[Buildbot-commits] [Buildbot] #1047: Build slave sends kill signal to wrong pid

Buildbot buildbot-devel at lists.sourceforge.net
Tue Nov 9 05:39:22 UTC 2010

#1047: Build slave sends kill signal to wrong pid
Reporter:  ixokai  |       Owner:           
    Type:  defect  |      Status:  new      
Priority:  major   |   Milestone:  undecided
 Version:  0.8.2   |    Keywords:           
 On my build slave, there's a test enabled currently that fails
 consistently by taking too long without output-- that's fine, however I
 noticed that when the slave started up another build later, the previous
 failed process never got killed.

 This is the build in question:

 Of particular interest are these lines:

 {{{./python.exe -Wd -E -bb  ./Lib/test/regrtest.py -uall -rwW -M5.1G
 == CPython 3.2a3+ (py3k:86348, Nov 8 2010, 19:35:02) [GCC 4.0.1 (Apple
 Inc. build 5493)]
 ==   Darwin-9.8.0-i386-64bit little-endian
 ==   /Users/pythonbuildbot/buildarea/3.x.hansen-


 [ 67/349] test_bigmem

 command timed out: 1800 seconds without output, killing pid 24014
 process killed by signal 9
 program finished with exit code -1

 If you notice in the top few lines, it mentions 24024 -- which is the pid
 of the python.exe process. I'm quite certain it is the actual pid, as
 while this entire test-run was going on I was monitoring it and watching
 its memory usage spike.

 But on the bottom, its killing pid 24014.

 I've done this a few times, and noticed that each time the pid it tries to
 kill is exactly -10 of the actual id of the process.

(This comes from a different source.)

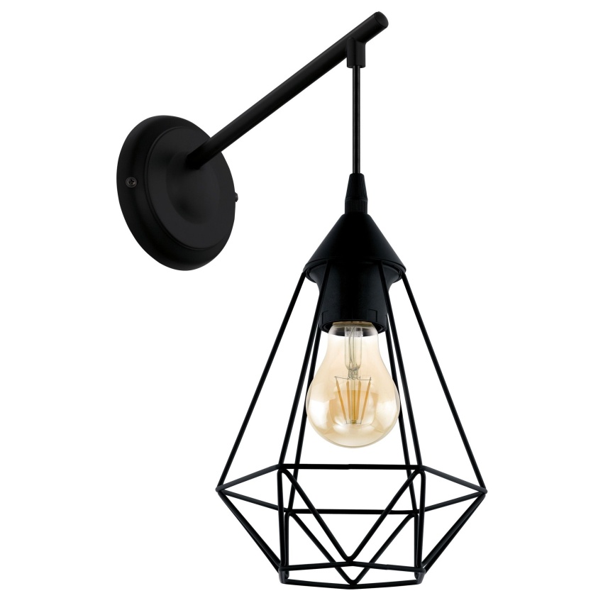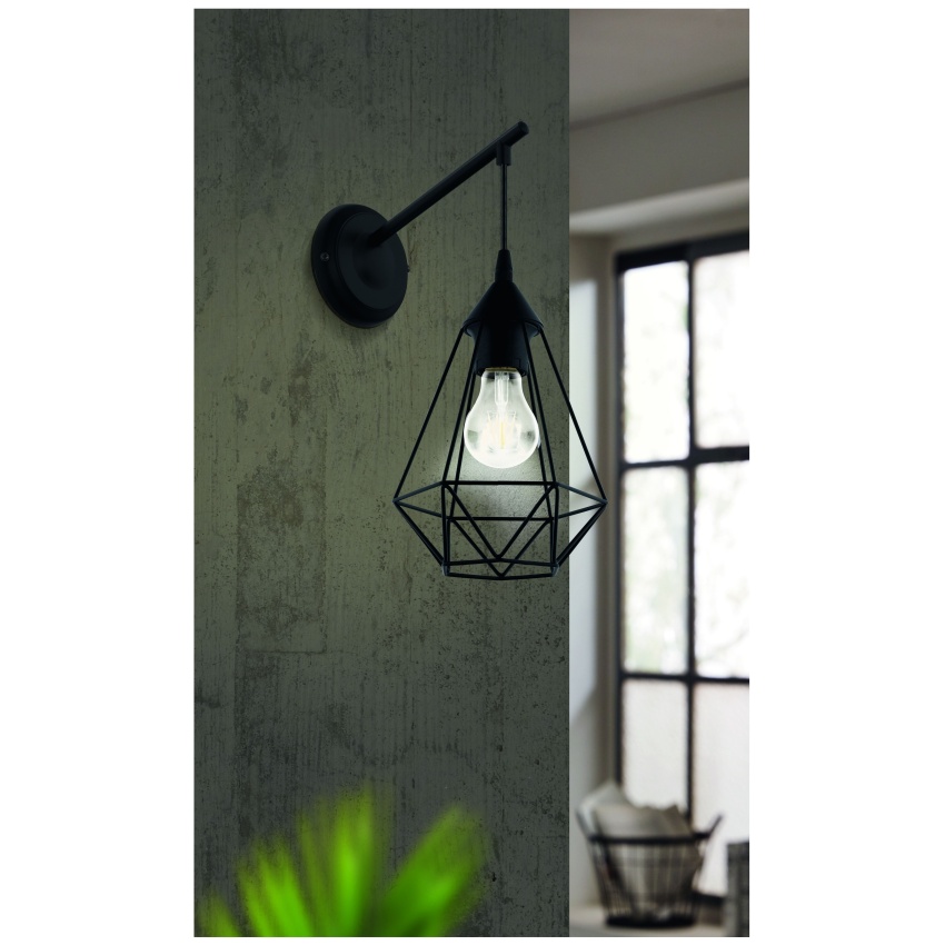 Nástěnné svítidlo TARBES má kulatý černý kovový nástěnný držák a dlouhé černé rameno. Výrobek má drátěné stínidlo v jemném diamantovém tvaru. Když je světlo zapnuté, vytváří fascinující hru světla a stínu prostřednictvím geometrického designu. Moderní nástěnné svítidlo poskytuje stylové řešení osvětlení jakéhokoli prostoru, ať už v kuchyni, obývacím pokoji, ložnici, chodbě nebo jídelně. Vyobrazená žárovka s vláknem není součástí balení. Výrobek má objímku žárovky E27 a vyžaduje žárovku E27.

 Since the test that this is failing on is all about consuming huge amounts
 of memory-- the fact that the slave leaves the process running then goes
 on to start new ones is problematic. Several processes running trying to
 chew up gigs of ram is bad :)

 This slave is running Mac OSX 10.5.8, buildbot-slave 0.8.2, twisted
 10.1.0, python 2.5.1.